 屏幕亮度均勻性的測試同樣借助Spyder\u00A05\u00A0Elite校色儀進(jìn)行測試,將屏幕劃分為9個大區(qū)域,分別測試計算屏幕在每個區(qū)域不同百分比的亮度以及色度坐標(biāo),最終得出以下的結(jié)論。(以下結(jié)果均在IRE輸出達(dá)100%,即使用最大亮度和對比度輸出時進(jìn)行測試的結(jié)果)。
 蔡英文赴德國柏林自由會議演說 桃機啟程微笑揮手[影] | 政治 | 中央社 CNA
◆ ◆ ◆ ◆ ◆ ◆ ◆
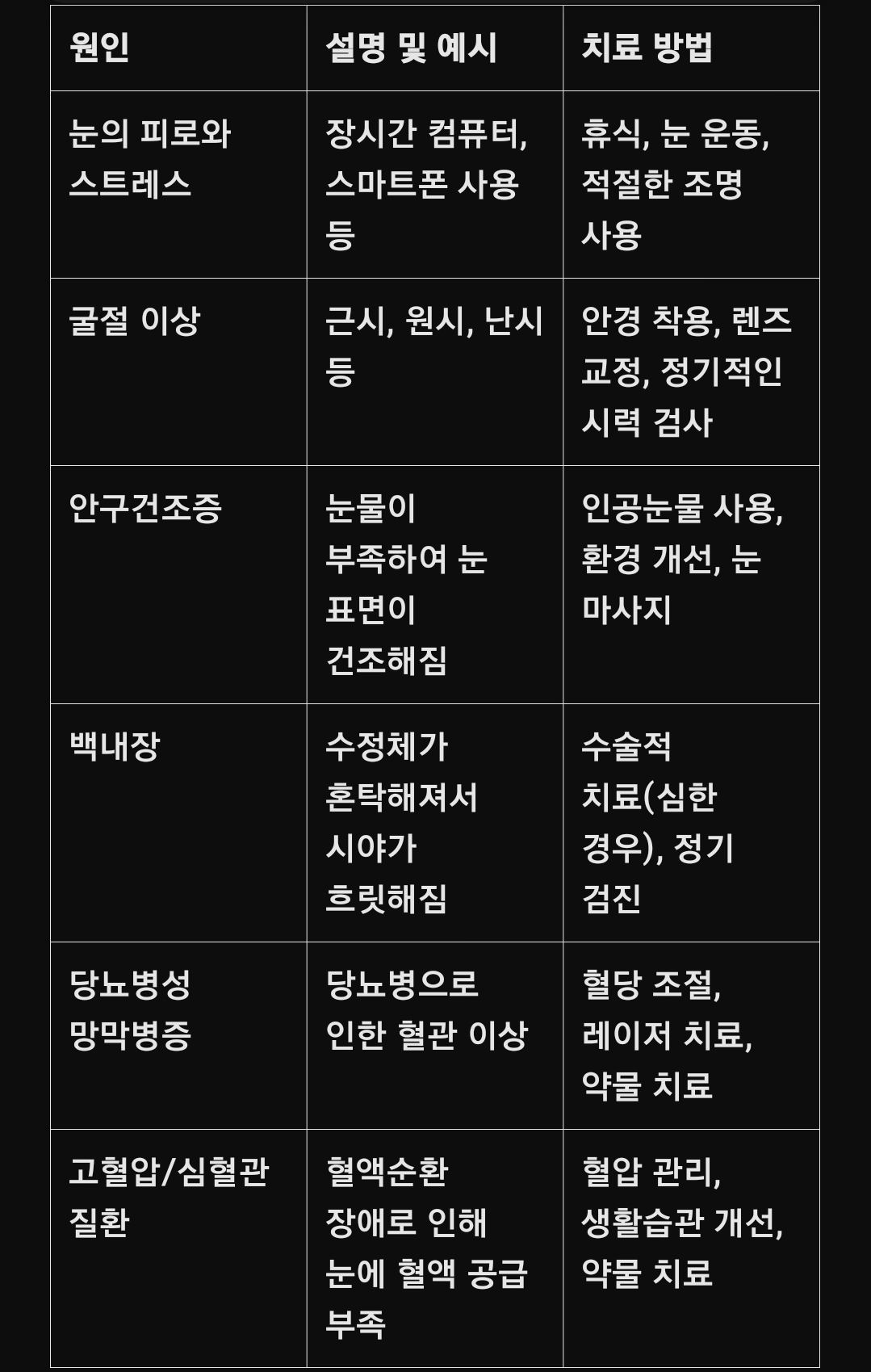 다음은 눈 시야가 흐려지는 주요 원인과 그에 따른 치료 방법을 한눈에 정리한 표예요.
◆ ◆ ◆ ◆ ◆ ◆ ◆
■ Exercise
Within the material above, extract exactly the lines that start at the line containing "屏幕亮度均勻性的測試同樣借助" and stop after the line containing "蔡英文赴德國柏林自由會議演說 桃機啟程微笑揮手[影] | 政治 | 中央社 CNA", and only those.

■ Output for this task
 屏幕亮度均勻性的測試同樣借助Spyder\u00A05\u00A0Elite校色儀進(jìn)行測試,將屏幕劃分為9個大區(qū)域,分別測試計算屏幕在每個區(qū)域不同百分比的亮度以及色度坐標(biāo),最終得出以下的結(jié)論。(以下結(jié)果均在IRE輸出達(dá)100%,即使用最大亮度和對比度輸出時進(jìn)行測試的結(jié)果)。
 蔡英文赴德國柏林自由會議演說 桃機啟程微笑揮手[影] | 政治 | 中央社 CNA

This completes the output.